What is BODMAS and why is it useful in programming?
什么是BODMAS,为什么它在编程中有用?
7 个解决方案
#1
20
http://www.easymaths.com/What_on_earth_is_Bodmas.htm:
What do you think the answer to 2 + 3 x 5 is?
您认为2 + 3 x 5的答案是什么?
Is it (2 + 3) x 5 = 5 x 5 = 25 ?
是(2 + 3)x 5 = 5 x 5 = 25?
or 2 + (3 x 5) = 2 + 15 = 17 ?
或2 +(3 x 5)= 2 + 15 = 17?
BODMAS can come to the rescue and give us rules to follow so that we always get the right answer:
BODMAS可以拯救并给我们遵守规则,以便我们始终得到正确的答案:
(B)rackets (O)rder (D)ivision (M)ultiplication (A)ddition (S)ubtraction
(B)球拍(O)rder(D)ivision(M)ultiplication(A)ddition(S)ubtraction
According to BODMAS, multiplication should always be done before addition, therefore 17 is actually the correct answer according to BODMAS and will also be the answer which your calculator will give if you type in 2 + 3 x 5 .

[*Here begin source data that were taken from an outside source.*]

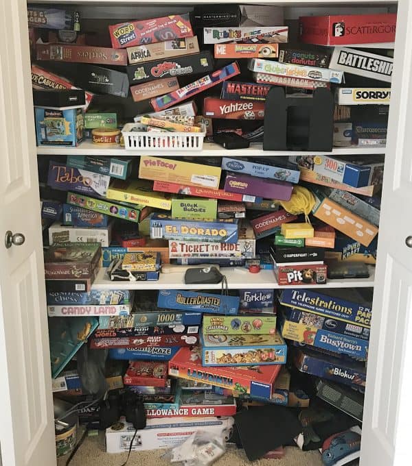 Your game closet is a great “I Spy” game as well. We bought Sleeping Queens (based off of your recommendation), and my kids have loved playing it all day, every day for spring break. They don’t even need me to help them, and it makes my card-game loving heart so happy! I went through my game and bed sheets closet and gave up on organizing either.
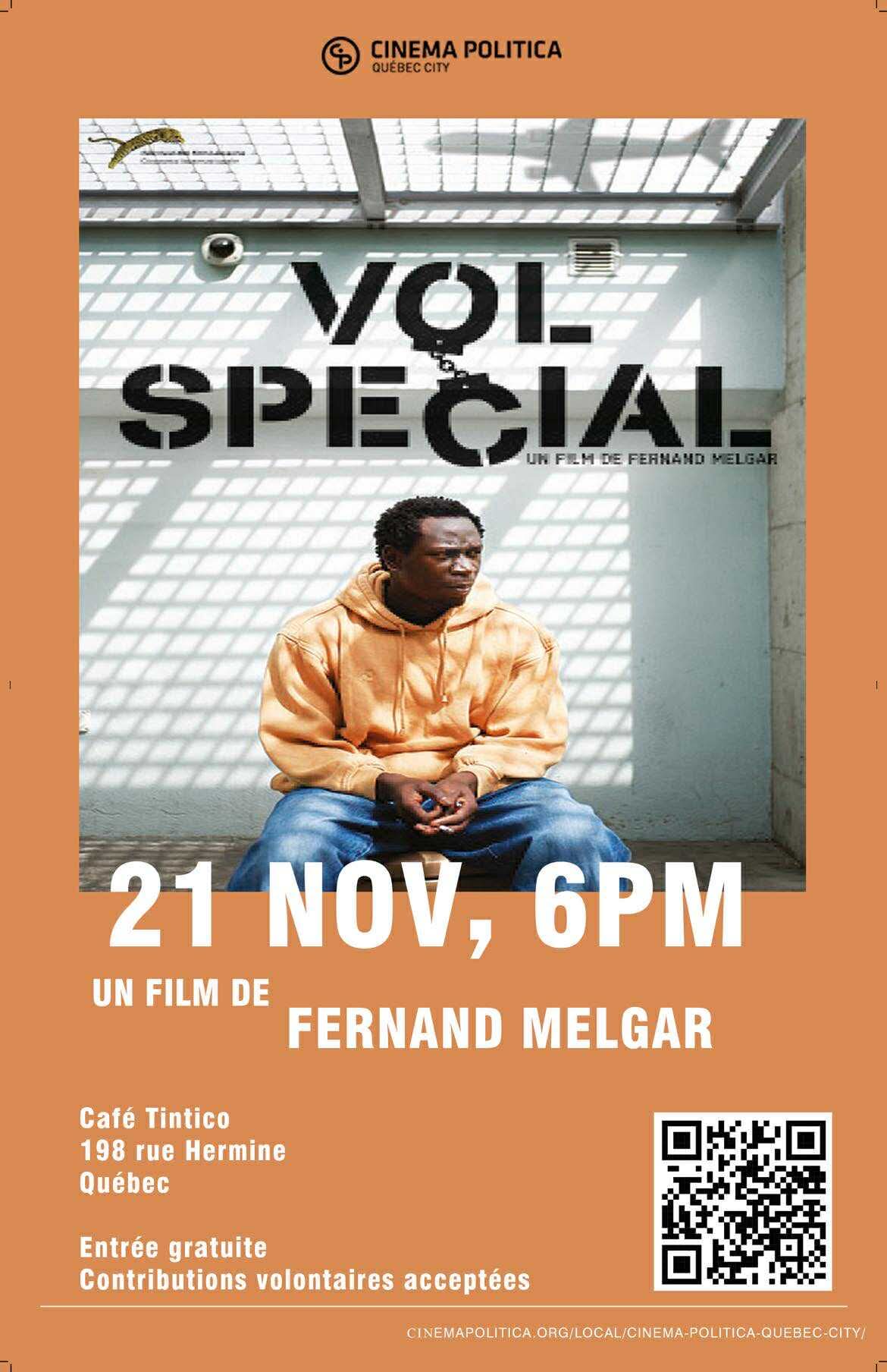 La Chaire de recherche du Canada sur les dynamiques migratoires mondiales, dirigée par notre membre Danièle Bélanger, s’associe à Cinema Politica Québec pour présenter le documentaire Vol spécial de Fernand Melgar, ce vendredi 21 novembre dès 18 h (ouverture des portes à 17 h 45) au Café Tintico. La soirée s’ouvrira avec le court-métrage Ibuka, Justice de Justice Rutikara, qui sera sur place pour animer une discussion après les projections. Entrée gratuite. Contributions volontaires acceptées.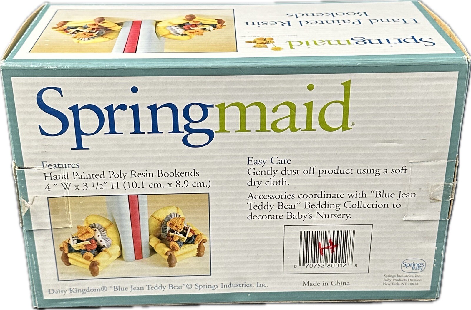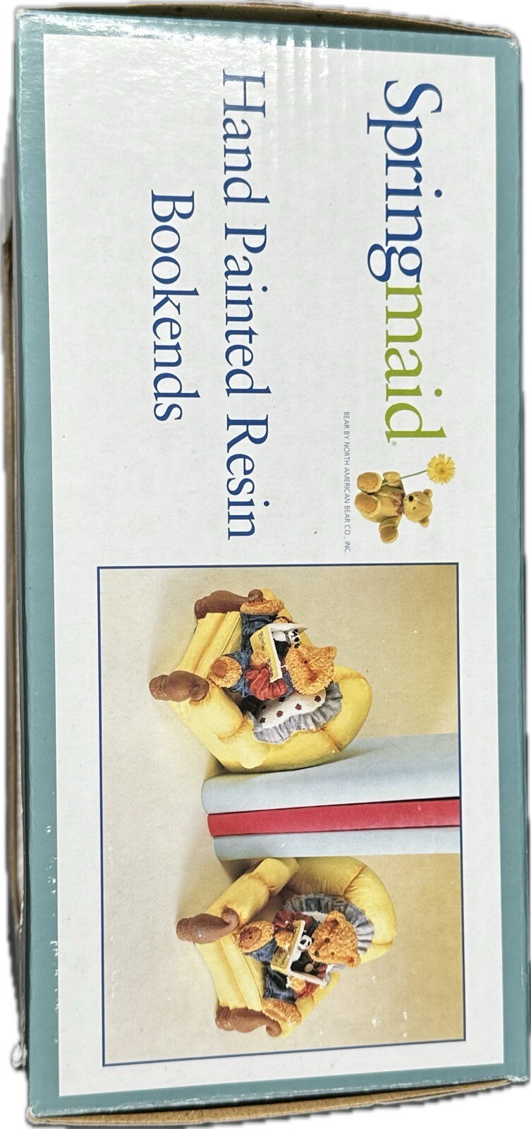 Vintage Kids Springmaid Hand Painted Poly Resin Teddy Bear Bookends New in Box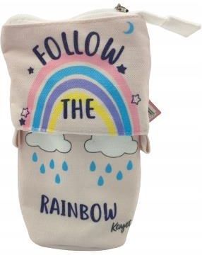 Podążaj za tęczą Piórnik posiada twarde dno, dzięki czemu można używać go jako organizer na biurko czy szkolną ławkę. Po zsunięciu górnej części z łatwością wyjmiemy szkolne artykuły, bez bałaganu. Jest praktyczny i nie zabiera dużo miejsca w plecaku.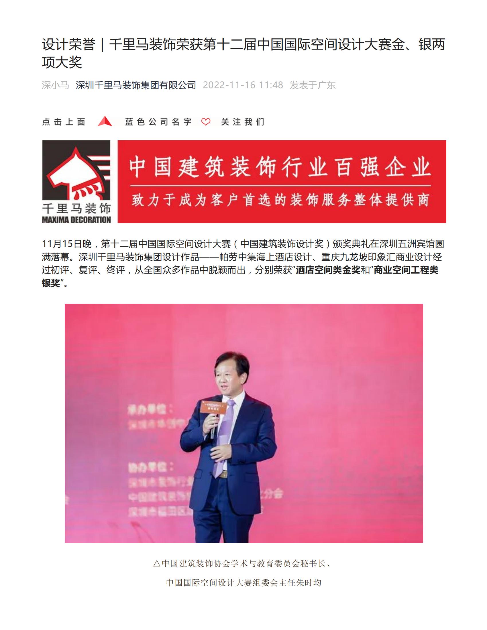 設計榮譽|千里馬裝飾榮獲第十二屆中國國際空間設計大賽金、銀兩項大獎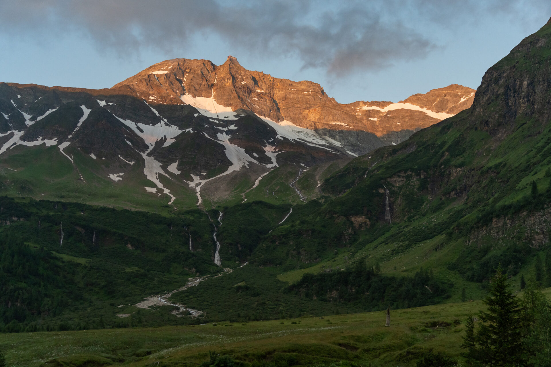 Hinter dem Naturfreundehaus beginnt der eigentliche Anstieg. Vorbei am Barbarafall führt ein schöner, schnell an Steilheit gewinnender Steig durch den Hochwald. Auf knapp 1.900 Metern lässt man die Baumgrenze letztendlich hinter sich und kann mit dem Schutzhaus Neubau (2.176 m) bald das nächste Zwischenziel erkennen. Mit jedem Schritt wird der Blick zurück ins Rauriser Tal schöner und so vergehen die Höhenmeter zur Hütte wie im Flug.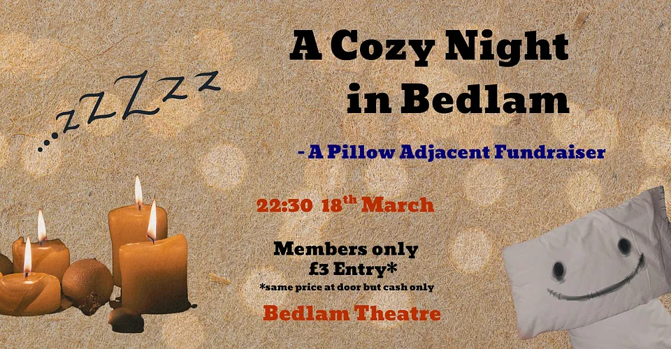 The Pillowman Production team is hosting a slumber party fundraiser! Wear your comfiest jammies and join us for an evening of crafts, stories, music, and even a PJ competition! Whether you are a night owl looking for some mid-night fun, or a home person just wanting to have a relaxed chat with your friends over a hot drink, this event is for you. So grab your night-in kit, and get ready for bedtime in Bedlam!!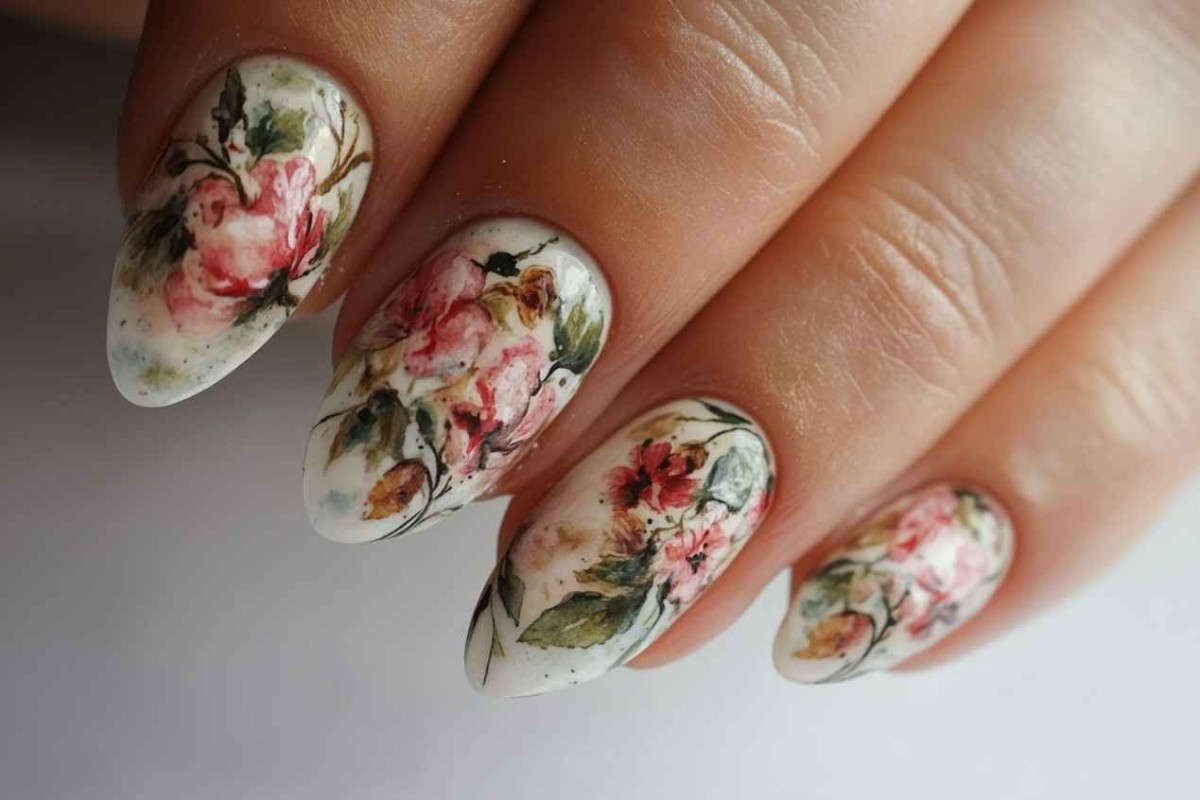 - Цветочные принты – беспроигрышный способ, чтобы придать дизайну романтичные черты. В зависимости от индивидуальных предпочтений на ногтевых пластинах удастся изобразить россыпь мелких ромашек или крупные лепестки розы, орхидеи, служащие для оформления акцентных пальцев. В последнем случае особо эффектно и натуралистично будет смотреться нейл-арт 2024 года, выполненный в технике акварели. Другой вариант – придать узору объемности, прибегнув к технике лепки.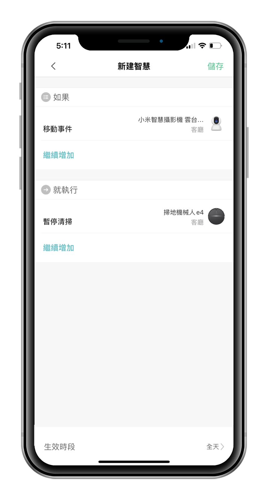 有使用不止一個智慧家電的使用者,也可以有更聰明的多重連動管理模式,例如阿輝就設定如果監視器中偵測到有人的移動事件發生時,就讓掃地機器人暫停打掃,有時候可能是阿輝在電話中走進客廳,那麼如果掃地機器人正在打掃中的話,監視器偵測到我進入客廳的移動動作後就會暫停打掃,不發出聲音打擾阿輝通話。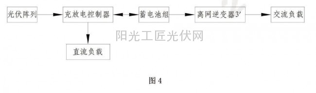 [0021] 图 4 是本发明实施例二所述的着床固定式水上太阳能光伏发电系统离网系统原 理示意图。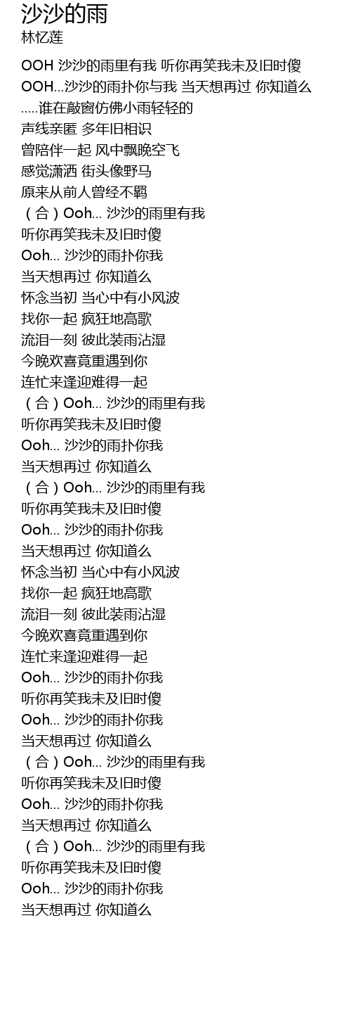 | [00:01.69] | OOH 沙沙的雨里有我 听你再笑我未及旧时傻 OOH...沙沙的雨扑你与我 当天想再过 你知道么 .....谁在敲窗仿佛小雨轻轻的 |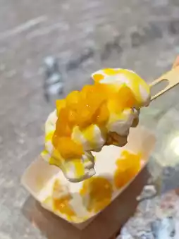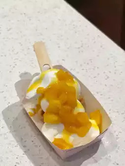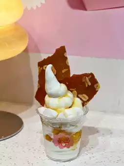 A layered mix of white and yellow, this dessert also uses yogurt ice cream as the base, drizzled with naturally fragrant wild honey that is sweet but not overwhelming. It is paired with fresh, juicy mango chunks, chewy plain mochi, and two crispy almond flakes that offer a rich almond aroma.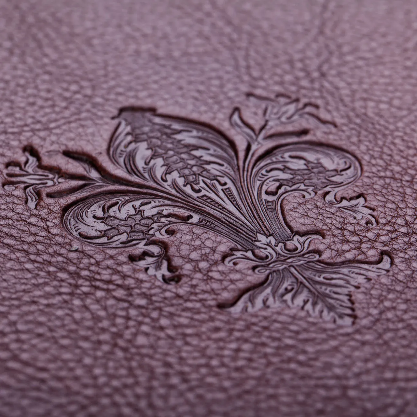 Elegant notebook in soft brown leather treated with the technique of vegetable tanning. It contains ivory pages hand decorated with marbling by 6th generation bookbinding artisans Giulio Giannini e figlio. The cover is embossed with a gold lily of Florence.The book can be customized with a variety of monograms and engravings, as shown in the pictures. Please select the “Please contact me to discuss available options” button during the checkout process, in the “Shipping” section, and our concierge team will contact you immediately to customize your book.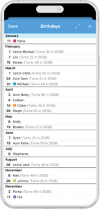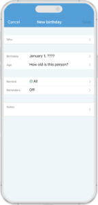 When you tap on birthdays in Cozi Gold, a page opens where you can enter all your important birthdays. Tap the + key to add each new birthday. When you do, you’ll be given options to set reminders and who will get them: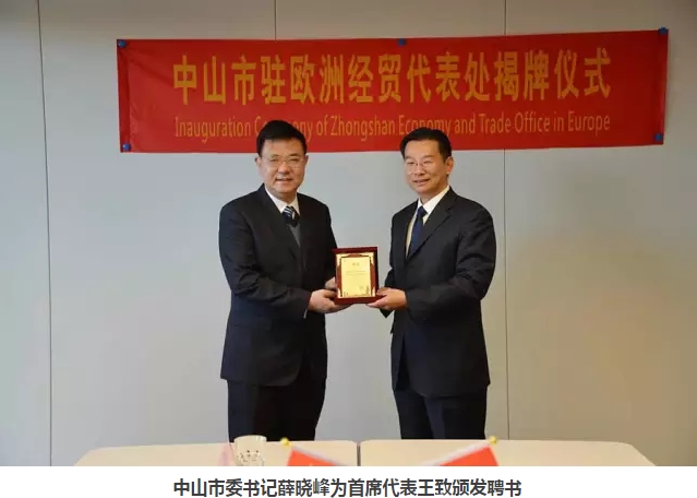 在揭牌儀式上,薛曉峰表示,中山市駐歐州經(jīng)貿(mào)代表處的成立是中山扎根歐洲開展雙邊經(jīng)貿(mào)合作的開始,希望代表處發(fā)揮好信息傳遞、城市推介、招商引資、對接交流等職能,加快推動中山中瑞(歐)工業(yè)園的建設,探索出中山與歐州合作的創(chuàng)新模式,同時薛曉峰書記向獲聘任的代表處首席代表頒發(fā)了聘書。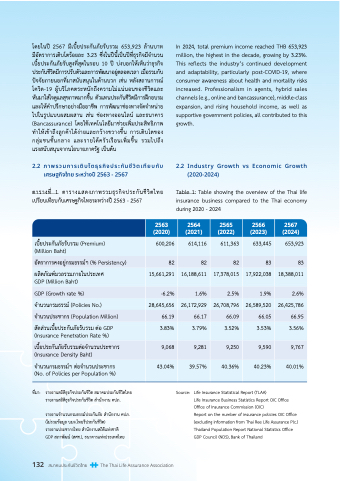 โดยในปัี 2567 มีเบัี�ยปัระกันภัยรับัรวิม 653,923 ล้านบัาท In 2024, total premium income reached THB 653,923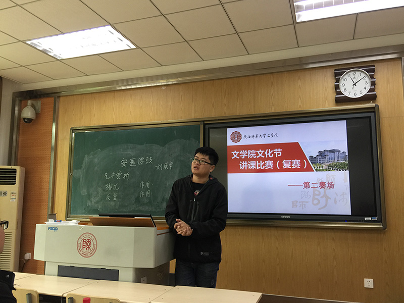 大赛分为初赛、复赛以及决赛,初赛和复赛采用传统讲课方式,在不使用课件的情况下,要求同学们以清晰流利地表达、明确漂亮的板书、大方得体的仪态进行比赛。考验选手们是否具备严谨明确的讲课思路、准确而具有感染力的肢体语言和冷静自如的心理状态。beat3652015级辅导员程海峰老师作为活动嘉宾,经验丰富的志愿者们担任评委。程老师对每一位勇于参赛的选手表示肯定,同时也对参赛选手们提出了一些建议,他指出,讲课内容要讲细讲全,注意实际操作,要具有一定逻辑性。课堂要注意与实际课堂相联系,讲究课堂提问的方法,并强调了练一手好字的重要性。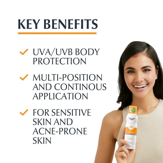 تمتع ببشرة صحية ومحمية مع بخاخ واقي شمس دراي تاتش بعامل حماية SPF 50+ من يوسيرين، الذي يوفر لك حماية متطورة ضد الأشعة الضارة دون القلق من اللمعان أو التعرق. اجعل هذا الواقي جزءًا من روتينك اليومي للتمتع ببشرة ناعمة ومحمية طوال اليوم!
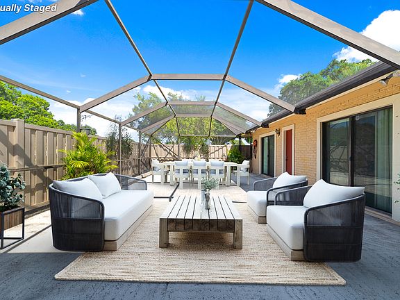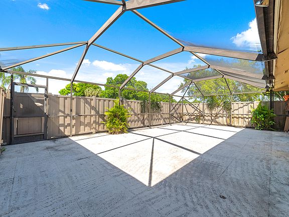 Welcome home to this corner unit 3 bedroom 2 bathroom townhome located in the highly sought after Westwood Gardens of Palm Beach Gardens. As soon as you enter, you immediately notice the soaring high ceilings and abundant natural light. Spacious layout with a split bedroom floor plan for added privacy. The home features tile flooring throughout the living areas with finished concrete in the bedrooms, just waiting for your personal touch. The primary suite boasts ample closet space, vaulted ceilings and access to the patio area. The primary bath provides tons of counter space, large vanity area and combo tub/shower. Both secondary bedrooms have high ceilings, ample storage space and access to the patio. The large kitchen with breakfast bar opens out to the family room, perfect for entertaining. Out in the courtyard, the possibilities are endless. The high screened enclosure and privacy fence create your own private entertaining or relaxing space with room for endless outdoor entertaining possibilities. Westwood Gardens offers a large pool area, clubhouse, playground, pickleball, tennis and basketball courts with a terrific location in the heart of Palm Beach Gardens. This opportunity provides a fantastic location not far from gorgeous beaches, shopping and quick access to highways. Please make sure to check out the 3D virtual walk through and schedule an appointment today!
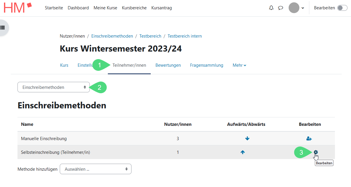 Sie finden den Zugangsschlüssel über die Kursnavigation. Klicken Sie zuerst auf <Teilnehmer/innen> (1). Im Dropdown-Menü auf der linken Seite steht Eingeschriebene Nutzer/innen. Klicken Sie darauf, um das Dropdown-Menü zu öffnen und wählen Sie dann <Einschreibemethoden>(2) aus. Klicken Sie dann auf das Stiftsymbol (3), um die Einstellungen für die Selbsteinschreibung aufzurufen.

根据BODMAS,乘法应该总是在加法之前完成,因此根据BODMAS,17实际上是正确的答案,并且如果你输入2 + 3 x 5,也将是你的计算器给出的答案。
Why it is useful in programming? No idea, but i assume it's because you can get rid of some brackets? I am a quite defensive programmer, so my lines can look like this:
为什么它在编程中有用?不知道,但我认为这是因为你可以摆脱一些括号?我是一个非常防守的程序员,所以我的线条看起来像这样:
result = (((i + 4) - (a + b)) * MAGIC_NUMBER) - ANOTHER_MAGIC_NUMBER;
with BODMAS you can make this a bit clearer:
使用BODMAS,您可以更清楚地说明这一点:
result = (i + 4 - (a + b)) * MAGIC_NUMBER - ANOTHER_MAGIC_NUMBER;
I think i'd still use the first variant - more brackets, but that way i do not have to learn yet another rule and i run into less risk of forgetting it and causing those weird hard to debug errors?
我想我仍然会使用第一个变体 - 更多括号,但是这样我不需要学习另一个规则,并且我会忘记忘记它并导致那些奇怪的难以调试错误的风险?
Just guessing at that part though.
只是猜测那个部分。
Mike Stone EDIT: Fixed math as Gaius points out
Mike Stone编辑:Gaius指出,修正了数学问题
#2
8
Another version of this (in middle school) was "Please Excuse My Dear Aunt Sally".
另一个版本(在中学)是“请原谅我亲爱的莎莉阿姨”。
- Parentheses
- Exponents
- Multiplication
- Division
- Addition
- Subtraction
The mnemonic device was helpful in school, and still useful in programming today.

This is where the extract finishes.